Gah, Is That Frostbite? Here Are The Signs & Symptoms Of This Winter Hazard
Keep those fingers covered and connected to your body!
Skating and skiing and hiking are fun (depending on who you ask), but being outside in the cold poses risks, especially for disabled, young and older people. One of the primary evils to avoid during the winter months is frostbite: that terrifying thing where your fingers all fall off and — wait, I'm being told that frostbite can also be "mild" and there are ways to prevent it…
Let's take a closer look at this seasonal affliction, hopefully without getting any ourselves.
What is frostbite?
It's your skin, and then whatever's under it, freezing after exposure to the cold, according to Quebec's government resources on the topic. Severity can range from permanent temperature sensitivity to full amputation being necessary.
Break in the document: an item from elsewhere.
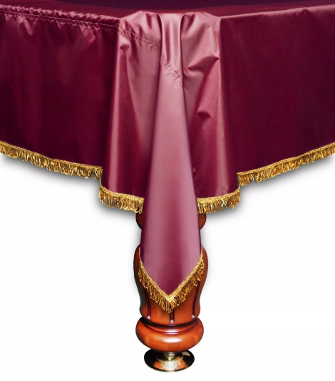 У нас представлены очень стильные декоративные покрывала для бильярдного стола. У такого покрывала зелёный цвет, а по краю оно украшено золотистой бахромой. Такое покрывало будет прекрасно смотреться в интерьере любого бильярдного помещения, будь то комната, ресторан или бильярдный клуб. Изготовлено такое покрывало из нейлона, который подбирается в соответствии с назначением. Он специально обработан влагостойкой пропиткой. Благодаря такой пропитке ткань будет отталкивать воду, также она будет более гладкой и плотной.

What temperatures put you at risk of frostbite?
Rather than relying on the raw temperatures, check your risk of frostbite against the wind chill index, which is a measure of how cold the outdoors feels on exposed skin. Wind chill indices between 0 C and -27 C present a low to relatively low risk of frostbite. Once temperatures drop below -28, your risk becomes moderate. Temperatures lower than -40 present a high risk of frostbite, and the colder it is, the faster frostbite sets in, according to the government.
What are frostbite symptoms?
The Quebec government notes that for milder, less-terrible-but-still-very-worth-avoiding superficial frostbite, "which only affects the skin's surface," the main symptoms are:
- your skin becoming numb and tingly,
- your skin reddening and then turning pale
- and small fluid-filled blisters appearing on the skin.
Severe frostbite is identified by your skin becoming "cold, pale and waxy."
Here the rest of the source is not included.